27/03 福島第1原発:事故の影響 世界で広がる見直し

 東日本大震災で被災した福島第1原発事故の影響が、世界各国に広がっている。ドイツが1980年以前に稼働した老朽原発7基の運転を3カ月間停止する措置に踏み切ったほか、中国も新規原発の審査を一時中断、イスラエルなどが計画中止を表明した。運転中に二酸化炭素をほとんど排出せず、地球温暖化対策の切り札として近年、再び脚光を浴びた原子力発電だが、再び「冬の時代」に逆戻りするとの懸念も出始めている。【ロンドン会川晴之、ワシントン斉藤信宏】

 ◇EU、検査強化で合意 反原発運動が活発化
 86年にチェルノブイリ原発事故を経験した欧州諸国は、今回の原発事故にいち早く反応した。欧州連合(EU、加盟27カ国)は15日の特別会合で域内諸国の原発の安全性検査を実施し、耐震性や津波対応に加え、冷却装置など、今回の事故で浮き彫りになった問題点を検査することで合意。25日の首脳会議で正式承認した。
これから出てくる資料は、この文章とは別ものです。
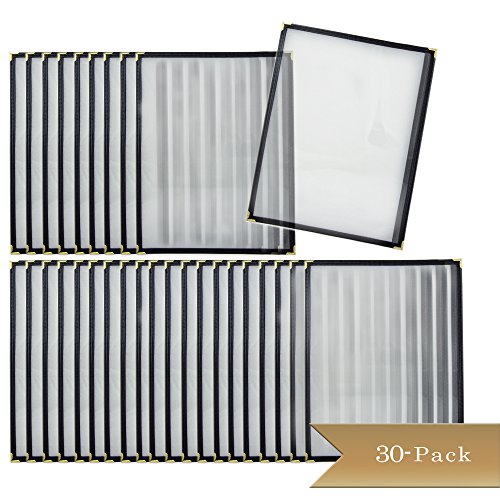 Set of 30 - TrueCraftware Restaurant Menu Covers - 9 1/4" x 12" - Single Cover - Transparent - Double Stitched with Black Binding

 チェルノブイリ事故後、欧州では原発懐疑論が高まり、イタリアなどが原発建設を凍結、英国など多くの諸国も新規計画を見合わせた。だが、当時と違い、エネルギー価格は高騰、風力など再生利用エネルギーのコストはまだ高く、EUの4分の1の電力を供給する原発に代わるエネルギー源確保は難しい状況にある。

 経済協力開発機構(OECD)のグリア事務総長は「原発は欧州の電力供給で重要な位置を占める」と強調。国際エネルギー機関(IEA)の田中伸男事務局長も「地球温暖化対策のためには原発は不可欠」と述べるなど、各国に慎重な対応を求めている。

 欧州最大の原発メーカーである仏アレバは「信頼回復が極めて重要」と、対話に努める姿勢を強調する。ただ、事故を機に、ライバルである日本メーカーが商戦から脱落する可能性が高いとの計算も働く。

 しかし新規原発の審査を一時停止したスイスでは、直近の世論調査で反対派が87%を占めた。2年前は賛成が73%で、賛否が逆転した。ドイツでは26日、ベルリン、ハンブルクなど4都市で25万人規模のデモが実施されるなど、反原発運動が活発化している。

 ◇中国、新規建設計画を一時停止
 中国は16日に、新規原発の建設計画の審査と承認を一時停止した。

 急増するエネルギー需要を背景に、現在の13基の原発に加え、今後新たに25基建設する計画だが、国民の不安が高まっていることを考慮した。政府は「導入予定の原発は、より安全な新世代」と安全性を強調する発言を続けている。

 ◇イスラエル、ベネズエラ計画断念
 計画停止も相次ぐ。イスラエルのネタニヤフ首相は17日、同国初の商業用原発計画の中止を表明した。同国沖で天然ガスが発見されたのも一因だ。

 ベネズエラのチャベス大統領は23日、計画断念を表明した。

 ◇トルコは続行表明
 一方、日本と同じ地震国のトルコは、エルドアン首相が「原発計画を停止する考えはない」と強調する。19年運転開始予定の黒海沿岸の原発は、東芝・東京電力の企業連合が交渉を続けているが、ユルドゥズ・エネルギー天然資源相は24日、交渉期限を今月末から年内いっぱいに延ばす考えを示すなど、日本の状況に配慮する考えを表明している。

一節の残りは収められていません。